Глава 1

Побег с задания, прятки в темноте, кровь на полу и одежде — не то, что Мачи понимает под «успешно выполненной миссией».

Они и не выполнили; сделали перерыв. По-хорошему, цель еще жива, а нужное данчо сокровище так и осталось лежать там, где лежало. Стоило схватить и сбежать, но после того, как их обнаруживают, после того, как раздаются звуки выстрелов, а ее невольный напарник в этом деле — вот уж редкое зрелище, Хисока и не слинявший с задания — дергается назад, едва заметно, но дает понять, что его задело, Мачи машет рукой на главную цель и тащит его за собой. Глупо, наверное, но ей, привычной к чужим ранам, куда понятней, когда все действительно плохо, а когда еще можно потерпеть.

Свинец — не то, с чем шутят.

Поэтому они сбегают. Позорно. К счастью, других членов Редана на задании нет, а потому позволить подобное они себе вполне вольны. Никто не осудит, ну, кроме разве что собственного «я», но Мачи отбрасывает сомнения, когда создает в руке стальную нэн-нить — вид чужих кишок ее не слишком пугает, она знает, что Хисока такое запросто переживет… Просто так правильно. Нет ничего плохого в беспокойстве за другого человека, сокомандника, пусть он и отбитый на голову психопат.

В темноте под светом луны сверкает ее хацу; Хисока дышит глубоко, сквозь зубы, но на его устах улыбка. От него веет жаром, кожа на ощупь — кипяток, и Мачи знает, к чему это ведет: как бы не кичился он своим болевым порогом, тело все равно выдаст все с головой.
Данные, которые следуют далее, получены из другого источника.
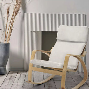 Poltrona a Dondolo Moderna legno Betulla Sedia Relax Cotone Beige Poggiatesta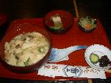 昼ご飯は萬重の出店と決めていました。 お店は京都駅の地下街ポルタにあります。 今回の京都で食べたかったもののひとつは湯葉です。 私は湯葉が大好きで、事前に湯葉の美味しいお店をリサーチした結果、萬重に決定していました。 昼飯どきなのでちょっと混んでいましたが、それほど待つことなく入れました。 私が注文したのは湯葉丼、他に糸車と季節御膳なんぞを頼んで京都最初の食事です。 湯葉丼は初めて食べました。 あんかけになっているのですね。 シメジと湯葉を出汁のきいたあんが包み込み、すごく美味かったなぁ。 付け合せの、ミブナと白身魚の酢の物も酢が強くなくて食べやすかったし。 湯葉丼は思ったより味がしっかりしていて、濃い味が好みの私でもとても美味しく食べられました。 事前リサーチ大成功!! 季節御膳には松茸の土瓶蒸しが付いています。 豪勢ですね。 その他、聖護院蕪の煮物や湯葉刺しなどを見ていると、あ〜京都に来たんだなぁと実感できます。 それからテーブルに用意されているのがゆかりってとこも、いかにも京都ですね〜。 そんなこんなで京都最初の昼飯は、大成功 (YATTA〜 |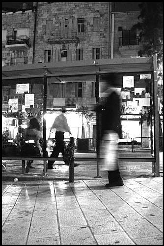 לדעתי התמונה היתה מתאימה לצילום רוחב ולא לאורך, השחור לבן מתאים והשילוב של סטטיות מול מריחת תנועה משולב טוב בפריים (הנערה היושבת בתחנת אוטובוס מול תנועת הגברים) גם אהבתי את התפיסה כי יש אדם בתוך התחנה מאחורי התחנה ולפני... תפיסה טובה.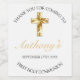 Feiern Sie mit Ihren Freunden und Ihrer Familie mit diesem eleganten Gold Cross First Holy Empfang Wine Label. Dieses Design zeichnet sich durch ein goldenes Kreuz vor einem einfachen weißen Hintergrund aus. Personalisieren Sie den Schriftart und die Farbe und ändern Sie den Text und das Datum, um Ihre Bedürfnisse Anzug.

И боль, и усталость. 

Поэтому она склоняется ближе, нагибается прямо над ним — видит лишь блеск его глаз и улыбку в полумраке заброшенного здания, где они укрываются — и мягко обхватывает лицо руками. Сразу чувствует липнущую к пальцам пудру, незаметные, но ощутимые следы от тонкой паутинки шрамов. И произносит:

— Тебя задели. Не двигайся хотя бы пару минут, нужно отдохнуть.

— Глупости, — продолжает улыбаться Хисока.

— Ты умрешь, если швы разойдутся.

— Не умер же до этого. 

— Адреналин уходит, — Мачи начинает злиться, и Хисока безмятежно жмет плечами.

— У кого-то он всегда в крови.

— Это самая тупая вещь, которую я от тебя слышала. Не шевелись. 

— Заставь меня.

Перспектива примотать нитями Хисоку к земле звучит соблазнительно, но Мачи некогда играть с ним в игры. Тем более, это заведет его лишь сильнее, а лишнее кровообращение им тут ни к чему. Потом еще наиграются. 

— Там был человек, у которого было ядовитое хацу. Данчо предупреждал о нем. Это был он?

— Откуда мне знать?

Хисока не следит за теми, кто ему неинтересен; и вряд ли владелец ядовитой способности входит в круг его возможных целей. Это, несомненно, раздражает. Мачи нравится, что они работают вместе — об этом прознает лишь Пакунода, но это весело; но она ненавидит, что остальные (пусть и верно) считают ее его нянькой. Потому что за ним нужен лишь глаз да глаз. 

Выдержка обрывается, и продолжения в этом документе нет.